Exercise goal:
Among the entries below, count the lines containing the string "Kadaster". Only the count is needed.

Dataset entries
==============================

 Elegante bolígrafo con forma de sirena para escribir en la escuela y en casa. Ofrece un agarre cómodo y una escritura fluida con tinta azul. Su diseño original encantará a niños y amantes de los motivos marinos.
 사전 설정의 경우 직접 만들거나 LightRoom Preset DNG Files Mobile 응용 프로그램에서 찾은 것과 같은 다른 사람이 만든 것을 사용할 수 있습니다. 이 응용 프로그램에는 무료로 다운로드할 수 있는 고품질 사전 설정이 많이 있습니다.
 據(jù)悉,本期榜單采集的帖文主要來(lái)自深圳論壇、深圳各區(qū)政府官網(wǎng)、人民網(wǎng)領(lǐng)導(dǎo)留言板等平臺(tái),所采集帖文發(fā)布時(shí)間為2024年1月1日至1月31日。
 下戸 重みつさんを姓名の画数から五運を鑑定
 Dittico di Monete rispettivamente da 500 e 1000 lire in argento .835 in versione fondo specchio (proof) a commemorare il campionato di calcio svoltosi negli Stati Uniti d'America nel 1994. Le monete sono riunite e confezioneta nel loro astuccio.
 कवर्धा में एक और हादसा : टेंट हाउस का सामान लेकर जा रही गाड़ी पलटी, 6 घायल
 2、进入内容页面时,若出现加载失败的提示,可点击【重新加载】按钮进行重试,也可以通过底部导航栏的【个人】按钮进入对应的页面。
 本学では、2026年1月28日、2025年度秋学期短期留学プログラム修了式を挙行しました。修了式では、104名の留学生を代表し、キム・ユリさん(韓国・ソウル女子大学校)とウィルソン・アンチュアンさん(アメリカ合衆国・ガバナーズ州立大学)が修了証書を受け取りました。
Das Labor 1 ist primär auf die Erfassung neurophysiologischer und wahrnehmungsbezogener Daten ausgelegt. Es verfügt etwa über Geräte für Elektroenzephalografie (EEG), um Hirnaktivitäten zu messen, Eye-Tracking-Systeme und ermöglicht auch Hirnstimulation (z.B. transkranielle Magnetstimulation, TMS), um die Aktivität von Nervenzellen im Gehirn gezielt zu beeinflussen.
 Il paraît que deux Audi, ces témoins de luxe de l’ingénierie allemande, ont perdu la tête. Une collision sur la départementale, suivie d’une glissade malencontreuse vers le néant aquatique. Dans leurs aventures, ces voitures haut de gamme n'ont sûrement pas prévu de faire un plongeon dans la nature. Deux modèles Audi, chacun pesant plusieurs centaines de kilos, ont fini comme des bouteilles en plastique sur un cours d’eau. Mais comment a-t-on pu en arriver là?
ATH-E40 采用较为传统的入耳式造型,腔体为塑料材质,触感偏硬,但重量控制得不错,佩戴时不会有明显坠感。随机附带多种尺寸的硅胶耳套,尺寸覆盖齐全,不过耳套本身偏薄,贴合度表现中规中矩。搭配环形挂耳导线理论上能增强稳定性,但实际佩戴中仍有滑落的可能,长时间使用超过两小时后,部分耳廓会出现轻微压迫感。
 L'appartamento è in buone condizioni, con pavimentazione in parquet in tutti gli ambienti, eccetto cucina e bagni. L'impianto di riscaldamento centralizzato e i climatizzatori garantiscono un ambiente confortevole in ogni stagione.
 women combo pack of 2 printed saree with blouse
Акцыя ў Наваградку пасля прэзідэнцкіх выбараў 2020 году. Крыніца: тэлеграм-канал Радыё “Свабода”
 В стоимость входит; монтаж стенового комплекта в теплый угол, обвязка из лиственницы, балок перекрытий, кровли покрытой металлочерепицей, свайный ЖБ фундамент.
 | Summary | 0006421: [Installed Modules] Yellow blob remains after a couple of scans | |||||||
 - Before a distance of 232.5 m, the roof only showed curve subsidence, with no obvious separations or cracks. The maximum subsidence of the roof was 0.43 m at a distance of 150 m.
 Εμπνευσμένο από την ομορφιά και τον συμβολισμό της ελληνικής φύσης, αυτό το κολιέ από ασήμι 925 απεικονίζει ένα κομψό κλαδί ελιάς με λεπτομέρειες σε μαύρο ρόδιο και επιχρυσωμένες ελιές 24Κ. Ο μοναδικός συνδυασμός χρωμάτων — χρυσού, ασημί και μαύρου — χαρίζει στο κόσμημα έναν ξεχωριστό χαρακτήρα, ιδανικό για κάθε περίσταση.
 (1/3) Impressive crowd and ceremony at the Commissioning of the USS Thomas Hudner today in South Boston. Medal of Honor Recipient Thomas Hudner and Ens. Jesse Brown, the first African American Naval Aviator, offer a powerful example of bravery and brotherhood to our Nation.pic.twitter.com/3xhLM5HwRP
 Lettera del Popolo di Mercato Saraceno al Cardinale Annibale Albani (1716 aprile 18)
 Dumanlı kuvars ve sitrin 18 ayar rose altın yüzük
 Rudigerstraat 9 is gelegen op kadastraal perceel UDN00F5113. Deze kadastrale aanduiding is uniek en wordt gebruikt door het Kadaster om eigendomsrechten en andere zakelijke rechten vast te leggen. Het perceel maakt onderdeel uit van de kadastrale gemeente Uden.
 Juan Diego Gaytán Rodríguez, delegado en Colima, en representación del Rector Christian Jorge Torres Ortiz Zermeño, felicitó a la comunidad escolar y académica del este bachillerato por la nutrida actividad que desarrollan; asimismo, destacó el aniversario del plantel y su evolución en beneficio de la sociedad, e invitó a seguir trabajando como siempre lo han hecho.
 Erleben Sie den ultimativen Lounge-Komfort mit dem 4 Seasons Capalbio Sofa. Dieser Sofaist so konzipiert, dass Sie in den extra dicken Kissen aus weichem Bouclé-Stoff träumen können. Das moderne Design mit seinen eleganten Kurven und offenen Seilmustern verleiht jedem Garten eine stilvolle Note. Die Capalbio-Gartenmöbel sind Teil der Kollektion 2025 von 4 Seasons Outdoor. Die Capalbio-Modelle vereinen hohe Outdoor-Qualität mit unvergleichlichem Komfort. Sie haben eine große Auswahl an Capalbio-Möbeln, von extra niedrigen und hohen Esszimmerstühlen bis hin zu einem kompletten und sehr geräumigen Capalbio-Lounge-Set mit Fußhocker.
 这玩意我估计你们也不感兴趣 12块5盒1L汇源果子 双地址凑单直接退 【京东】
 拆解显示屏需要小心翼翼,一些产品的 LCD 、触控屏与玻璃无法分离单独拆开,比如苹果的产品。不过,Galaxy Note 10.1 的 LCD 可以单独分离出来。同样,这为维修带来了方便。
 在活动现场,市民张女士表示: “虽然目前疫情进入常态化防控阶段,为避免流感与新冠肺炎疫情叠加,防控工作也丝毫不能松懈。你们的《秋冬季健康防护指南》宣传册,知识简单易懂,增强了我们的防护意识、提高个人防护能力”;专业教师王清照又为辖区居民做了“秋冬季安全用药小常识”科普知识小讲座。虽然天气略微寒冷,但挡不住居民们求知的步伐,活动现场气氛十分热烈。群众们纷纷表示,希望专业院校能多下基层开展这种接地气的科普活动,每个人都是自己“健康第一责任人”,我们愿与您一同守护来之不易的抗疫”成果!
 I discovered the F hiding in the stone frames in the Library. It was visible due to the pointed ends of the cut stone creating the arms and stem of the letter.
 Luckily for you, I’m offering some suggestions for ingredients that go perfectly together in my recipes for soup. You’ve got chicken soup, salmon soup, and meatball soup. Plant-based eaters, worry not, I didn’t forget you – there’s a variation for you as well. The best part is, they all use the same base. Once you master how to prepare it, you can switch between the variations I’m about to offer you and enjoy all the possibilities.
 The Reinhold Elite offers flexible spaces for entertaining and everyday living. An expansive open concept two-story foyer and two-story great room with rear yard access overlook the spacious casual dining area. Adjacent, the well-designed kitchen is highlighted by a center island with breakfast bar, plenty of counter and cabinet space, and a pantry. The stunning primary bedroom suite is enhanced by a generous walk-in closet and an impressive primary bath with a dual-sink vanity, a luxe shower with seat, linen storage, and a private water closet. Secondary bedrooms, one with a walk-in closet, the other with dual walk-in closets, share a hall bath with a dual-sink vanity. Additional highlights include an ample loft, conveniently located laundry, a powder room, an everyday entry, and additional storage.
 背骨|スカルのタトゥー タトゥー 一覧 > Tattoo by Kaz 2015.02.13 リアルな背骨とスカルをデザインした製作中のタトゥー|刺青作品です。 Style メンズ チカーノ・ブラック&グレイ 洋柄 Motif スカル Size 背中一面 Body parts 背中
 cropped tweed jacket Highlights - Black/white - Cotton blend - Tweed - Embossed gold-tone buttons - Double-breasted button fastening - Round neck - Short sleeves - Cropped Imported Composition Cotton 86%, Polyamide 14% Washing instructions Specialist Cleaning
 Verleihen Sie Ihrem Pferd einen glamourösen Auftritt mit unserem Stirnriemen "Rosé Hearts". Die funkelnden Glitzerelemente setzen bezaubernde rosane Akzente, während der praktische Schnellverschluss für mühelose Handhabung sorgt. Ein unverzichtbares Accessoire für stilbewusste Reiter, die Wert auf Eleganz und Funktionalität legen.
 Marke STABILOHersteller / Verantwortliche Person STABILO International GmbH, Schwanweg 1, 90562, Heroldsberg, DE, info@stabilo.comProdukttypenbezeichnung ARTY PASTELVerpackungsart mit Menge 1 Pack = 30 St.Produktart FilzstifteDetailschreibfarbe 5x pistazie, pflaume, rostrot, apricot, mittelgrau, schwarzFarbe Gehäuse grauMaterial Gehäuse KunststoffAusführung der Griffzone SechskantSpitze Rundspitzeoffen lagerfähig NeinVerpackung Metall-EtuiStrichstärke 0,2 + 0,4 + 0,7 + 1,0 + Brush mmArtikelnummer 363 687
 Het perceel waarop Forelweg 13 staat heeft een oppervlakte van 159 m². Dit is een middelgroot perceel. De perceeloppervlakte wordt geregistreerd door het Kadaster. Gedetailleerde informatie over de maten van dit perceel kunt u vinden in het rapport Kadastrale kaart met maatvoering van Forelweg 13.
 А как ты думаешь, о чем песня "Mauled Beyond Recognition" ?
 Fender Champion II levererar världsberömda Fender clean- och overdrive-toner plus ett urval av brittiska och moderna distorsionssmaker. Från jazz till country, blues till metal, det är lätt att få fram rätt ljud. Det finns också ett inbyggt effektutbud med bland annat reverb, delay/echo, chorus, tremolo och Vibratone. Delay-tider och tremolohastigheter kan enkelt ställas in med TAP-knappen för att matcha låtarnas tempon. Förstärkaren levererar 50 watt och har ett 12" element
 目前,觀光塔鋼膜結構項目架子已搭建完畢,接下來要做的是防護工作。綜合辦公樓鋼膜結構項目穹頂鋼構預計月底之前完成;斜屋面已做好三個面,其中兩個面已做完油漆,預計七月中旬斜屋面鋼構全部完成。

==============================

Task response:
2